Amidst political cacophony it is particularly important to still the mind and open oneself to beauty and the interconnected strands of life around us. I had such an experience this week.
Among my daily mountain bike rides, several each week pause at a small waterfall. The waterfall is not steep or high and decidedly mundane, particularly in that it is man-engineered. Nonetheless, I step down the rocks and sit on a block of granite, just a dozen feet from the swirling pool at the fall’s base. In a sub-urban high desert, it is a slight refuge to be sure. But an intentional focus of perspective and silencing of the extraneous lends the place a sense of magic, not entirely distant from the experience of a “real” waterfall in the remote Rocky or Adirondack Mountains.
Last fall I had a first sighting of a Great Blue Heron, fishing in the gentle swirl. Through the autumn months, the sightings became more frequent. I know too little to identify gender with certainty, but her size suggested female. I watched her and she watched me. If I crossed an invisible line, she would fly. That space between us narrowed over the weeks. I began talking to her, gently, whenever our visits coincided.
In June, to my surprised delight, she was there again. I can’t know that it is the same bird, but the narrowed space between us quickly returned to what had been earned in the fall. I felt a connection to her, although I am realistic enough to understand this as a form of anthropomorphic romanticism. Of course, my romanticism is not anthropomorphic. My sense of connection is real, but the projection of reciprocity is perhaps a bit fantastic. Or is it?
When I leave home, I’ve come to telling my wife that I hope to see my “friend” on the ride. If so, I usually take a photo and send it to her before remounting.
On a recent hot Wednesday, I rode down the gravel Coal Creek Trail, approaching the bridge over the creek, where I turn to my rocky perch. Perhaps 200 yards before the bridge, I saw a large bird in my peripheral vision, coming hard from my right. She flew directly in front of me, at head height and no more than 5 or 6 feet away. I could nearly touch her.
I expected that she had been startled by something else and was fleeing our usual meeting place. But she was not fleeing. As she passed by, she elevated into a soaring arc, turning back toward the waterfall and disappearing behind the weeds and reeds on the creek’s banks.
I rushed ahead to my turn beyond the bridge and immediately saw her, tall and still on the rocky ledge. She saw me too, and we both settled into our simple ritual, I gently talking and she periodically thrusting her beak into the foam, emerging with a small silver fish, flashing in the hot sun.

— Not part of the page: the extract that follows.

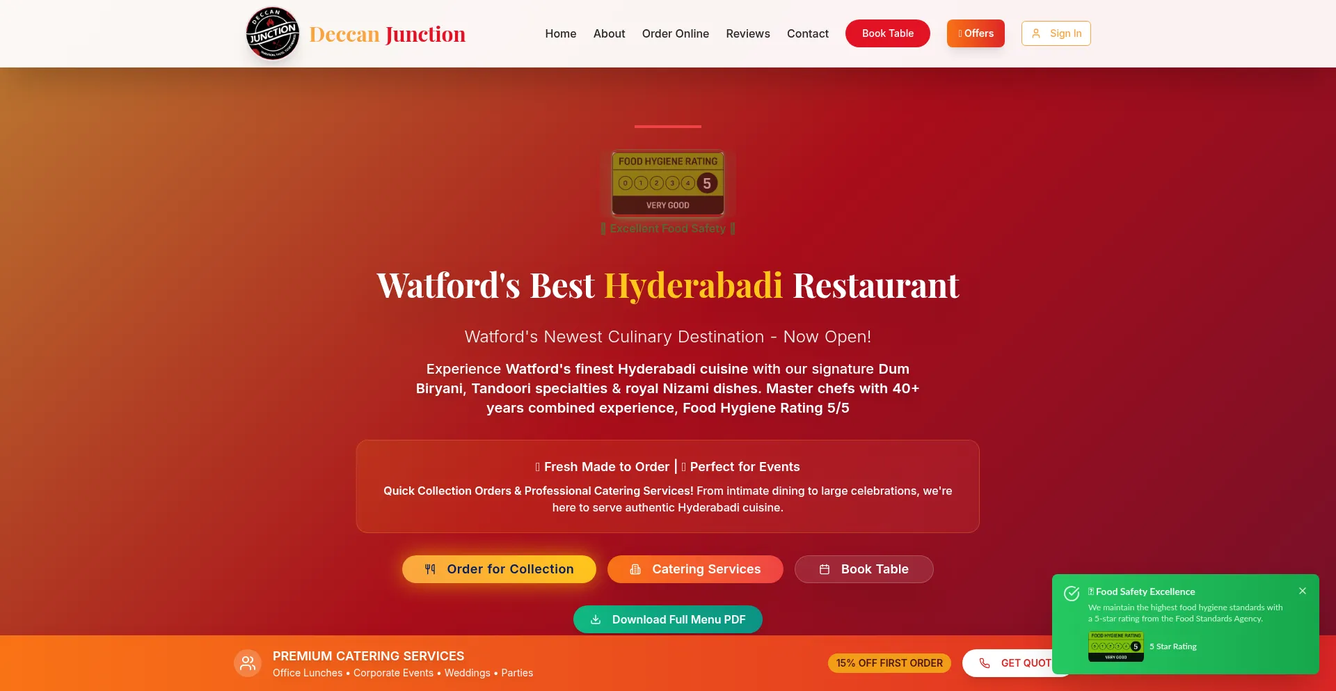 Deccan Junction Watford | Best Indian Restaurant & Authentic Hyderabadi Biryani | Professional UI/UX Design | Order Online

It is, I suppose, a bit dramatic to posit that she intentionally crossed my path and circled immediately to that spot, expecting me to follow. But it is not impossible either. I had never before had a large bird fly directly across my field of vision, nearly close enough to touch. No one or anything else was nearby. It may not have been intentional in the way I posit, but it was no accident either.

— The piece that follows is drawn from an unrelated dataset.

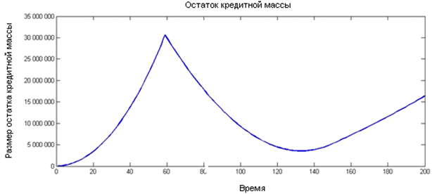 Рис. 1. Динамика остатка кредитной массы в условиях базового примера.

I am not expert in the study of interplay between species, but there is more than ample evidence to suggest that the kind of kinship I feel with a Great Blue Heron is not entirely imaginary.
And to an extent, it really doesn’t matter. In those moments, she and I are together in that space, familiar and safe. That alone is enough.
Love this Steve. It describes the relationship that I have with a tree in Central Park, or shall I say love affair with MyTree. When I visit and talk, the tree inevitably drops a leaf on my shoulder. So dear to me.
Lovely! I've a high school classmate whose pack patio abuts a bird sanctuary. He's reported similar instances where communications seem to have passed between him and various individual birds. Why not? You are both animals, after all, and aren't in a hunter/prey relationship.